地図はレイスリンを中央にしたもので、左下から扇上に陸地が広がっている。
右上にいくつか島があるがそれ以外のところは海になっていた。
「レイスリンの主都はここ」
と地図の中央に碁石のような黒い丸石を置くトッド。
「ミゼラ帝国とオーグパイム司教領の主都はここ。」
と僕から見て地図の右側に白い丸石を2つ置く。
ちょうど三角形ができあがる寸法だ。
「それぞれ馬車で一週間程度の行程なんだが・・・」
とここでトッドは一旦間を置き、ズボンのポケットからメモを取り出す。
「少し遠回りにはなるが、イニレ領を通過する。ついでにお前の領地にも寄っとけって宰相様から言われてるから、これは変更できない。」
「なるほど。了解。」
どこかのタイミングで寄らねばと思っていたので、宰相さんの指示は渡りに船だ。
「なので、イニレ領で一泊、お前の領地のアニストン領で一泊。」
ヒビキが首都のそれよりは小さい石をそれぞれ並べていく。宿泊地を意味しているようだ。
「そういえば、本当にアニストン領のままでいいのか。名前は変更するもんだが。」
「良いよ。自分の住んでる土地の名前が変わると領民も困るだろ。」
「まあ、お前が良いならいいんだが・・・。」
とトッドは納得いってない顔をしながら、話を続ける。
「次がティテック伯領で一泊」
「パーティでローラさんが最初に話してた女性のところね。」
とトリィが補足してくれる。
「そしてここから野宿3回。」
ヒビキが無言で等間隔に小石を置いていく。
「野宿3回か。多いね」
「ああ、村は点々とあるが、大人数が泊まれるほどの施設はないんだ。」
帰省した時にそんなに野宿したっけな?と気になっていたが、大人数で泊まれないと聞き得心する。
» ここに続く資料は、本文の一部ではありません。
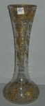 Tall clear vase with red flowers & gold leaves - 6" round by 16" tall Tall clear vase with red flowers & gold leaves - 6" round by 16" tall
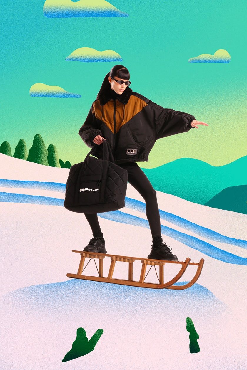 The outerwear with its irresistible verve, combined with the FW 2022/23 apparel pieces, is also the highlight of the video chosen by OOF to launch the new collection. Andrea Calvetti, against the colourful and funny backdrop of illustrator Jonas Kalmbach, takes us on a surreal and ironic journey inside a cable car. Infected by the cheerful pop of the OOf WEAR models, a group of unsuspecting passengers begin to dance, taking them, like by magic, to a virtual disco where style, light-heartedness and fun rule. The film will be on air on 24 February exclusively on the milanofashionweek.cameramoda.it platform.

「その後は帝国領。グリフィス辺境伯領で1泊、その次にオラゾーラ侯爵。ここでローラ様が、オーウェン王子の婿入りの話をされるが、ここでの宿泊日数は調整内容次第だな。」
「日数長引くようなら帝都に寄らずに、うちの親に来てもらう形にするよ。」
「まあ、それなら日数は短縮できるな。」
「んでそこから、オーグパイム司教領までだが、再びグリフィス辺境伯領で1泊の後は野宿2回。」
ヒビキが再びに小石を置いていく。
「オーグパイム司教領は帰りも含めて全部アドリアーナさんまかせ。と、ここまではいいんだが。」
とトッドが手元のメモを畳む。
「ん、もう王国戻ったら問題ないでしょ。」
と問いかける僕に、
「いや、帰国最初のドリル子爵領での1泊はいいんだけど、その後の2泊がムーンオーバー侯爵領なんだよ。お前らそこのボスに恥かかせただろ?」
とトッドが少し真面目な顔をして言った。
「恥はかかせてないよ。息子さんがローラさんにちょっかい出してきたと思ったら、侯爵さんじきじきに”息子が失礼しました”って。」
「でもそこにはアドリアーナさんがいたんだろ?オーグパイム司教領に近いんだからあの人に気を使って矛を下げただけだとしたら、アドリアーナさんがいない状態のお前とローラさんになんらかの意趣返ししそうな気がしないか?」
「気にしすぎじゃない?」
「そうかもしれない。でもお前よりは貴族ってもんを知ってる俺が心配してるってことだけは覚えておいてくれ。」
とトッドは心配そうに言うのが、僕としては”フラグ立ちそうなセリフを言うんじゃない。”と思わずにはいられなかった。